Schwalbe-Koda Daniel, Hamel Sebastien, Sadigh Babak, Zhou Fei, Lordi Vincenzo
Lawrence Livermore National Laboratory, Livermore, CA, 94550, USA.
Department of Materials Science and Engineering, University of California, Los Angeles, CA, 90095, USA.
Nat Commun. 2025 Apr 29;16(1):4014. doi: 10.1038/s41467-025-59232-0.
An accurate description of information is relevant for a range of problems in atomistic machine learning (ML), such as crafting training sets, performing uncertainty quantification (UQ), or extracting physical insights from large datasets. However, atomistic ML often relies on unsupervised learning or model predictions to analyze information contents from simulation or training data. Here, we introduce a theoretical framework that provides a rigorous, model-free tool to quantify information contents in atomistic simulations. We demonstrate that the information entropy of a distribution of atom-centered environments explains known heuristics in ML potential developments, from training set sizes to dataset optimality. Using this tool, we propose a model-free UQ method that reliably predicts epistemic uncertainty and detects out-of-distribution samples, including rare events in systems such as nucleation. This method provides a general tool for data-driven atomistic modeling and combines efforts in ML, simulations, and physical explainability.

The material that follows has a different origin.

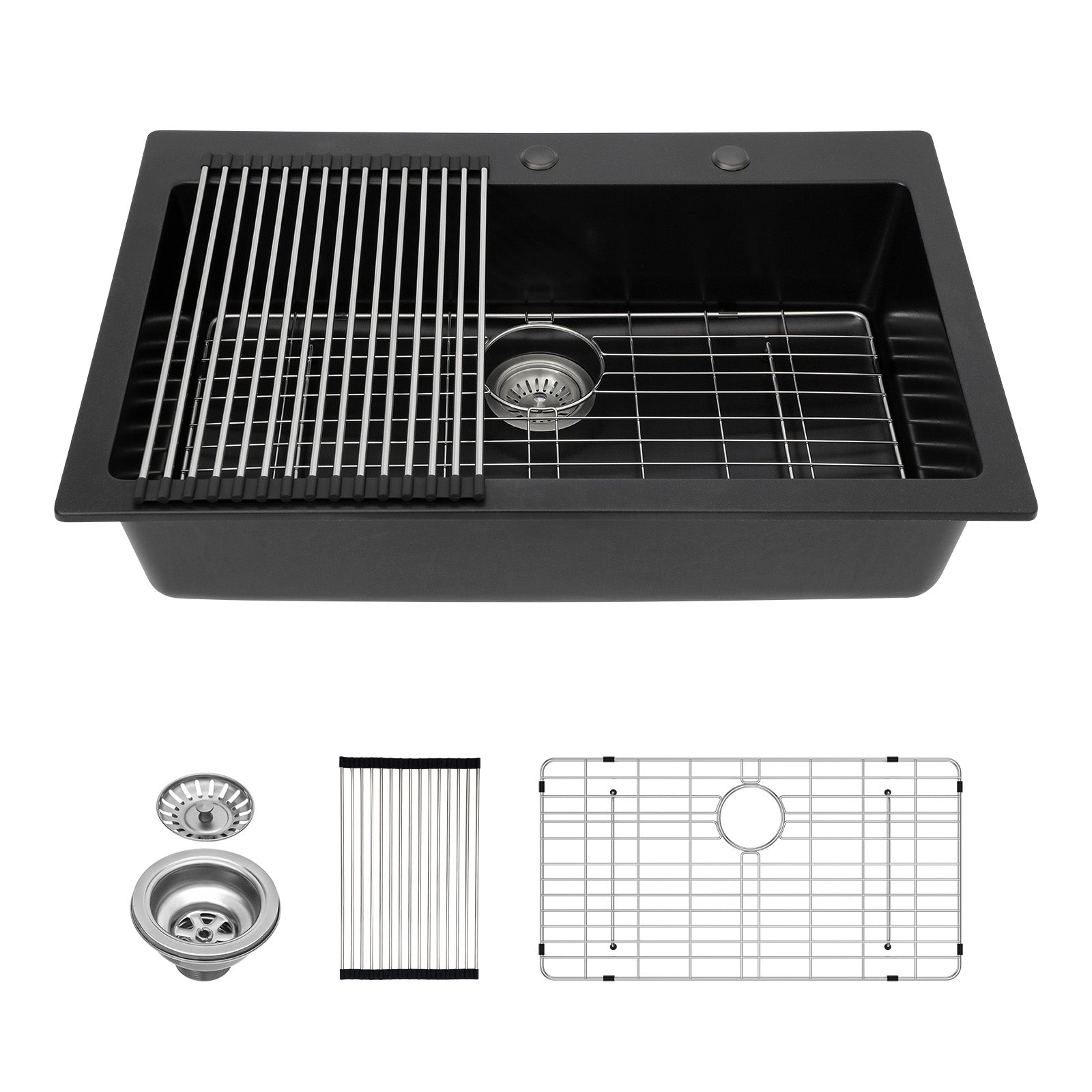 | Included Components | 25-inch composite drop-in kitchen sink, roll-up rack, stainless steel dish grid, drain assembly with basket, clips/cutout template, and installation instructions. |

对信息的准确描述与原子机器学习(ML)中的一系列问题相关,例如构建训练集、进行不确定性量化(UQ)或从大型数据集中提取物理见解。然而,原子ML通常依赖无监督学习或模型预测来分析来自模拟或训练数据的信息内容。在此,我们引入一个理论框架,该框架提供了一种严格的、无模型的工具来量化原子模拟中的信息内容。我们证明,以原子为中心的环境分布的信息熵解释了ML势发展中已知的启发式方法,从训练集大小到数据集最优性。使用这个工具,我们提出了一种无模型的UQ方法,该方法能够可靠地预测认知不确定性并检测分布外样本,包括成核等系统中的罕见事件。这种方法为数据驱动的原子建模提供了一个通用工具,并结合了ML、模拟和物理解释性方面的工作。